What AI can and cannot do in a therapy practice
The boundary is bright and worth stating plainly. AI can help with the business of practice: marketing copy, newsletters, website FAQs, general psychoeducation drafts, intake-form wording, scheduling and admin emails, and policy documents. AI must not touch the clinical core: no diagnosis, no assessment, no treatment planning, no clinical decision-making, no interpreting a client's presentation, and absolutely no client information of any kind.

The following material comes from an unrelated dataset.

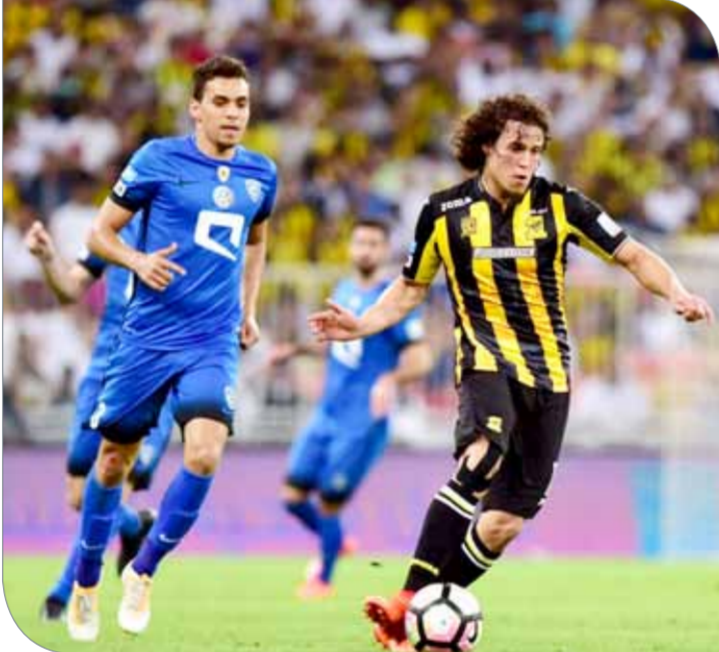
الكرة السعودية... من أنجح التجارب الاحترازية

♦ نجاح الاحتراف الرياضي يتطلب قراراً سياسياً

Three rules make AI safe here. First, no PHI, ever — no names, no session notes, no identifying details, nothing about a specific client, into any general AI tool. Describe only in generic, hypothetical terms. Second, clinician review is mandatory: every client-facing or psychoeducation output must be read, corrected, and approved by a licensed professional before use, because AI produces confident clinical-sounding errors. Third, comply with HIPAA, your state licensing board, and your professional ethics code; consult those, not a chatbot, on anything you're unsure about.
These prompts run on any current model. For routine admin and marketing copy, an efficiency tier (gpt-5.4-mini, Gemini 3.1 Flash-Lite) is fine; for nuanced, sensitively-worded client communication, a frontier model handles tone better. If you ever use AI tools in a practice context, prefer an enterprise tier with a Business Associate Agreement and no-training data terms — but still keep PHI out. Prices as of June 2026 (OpenAI, Gemini).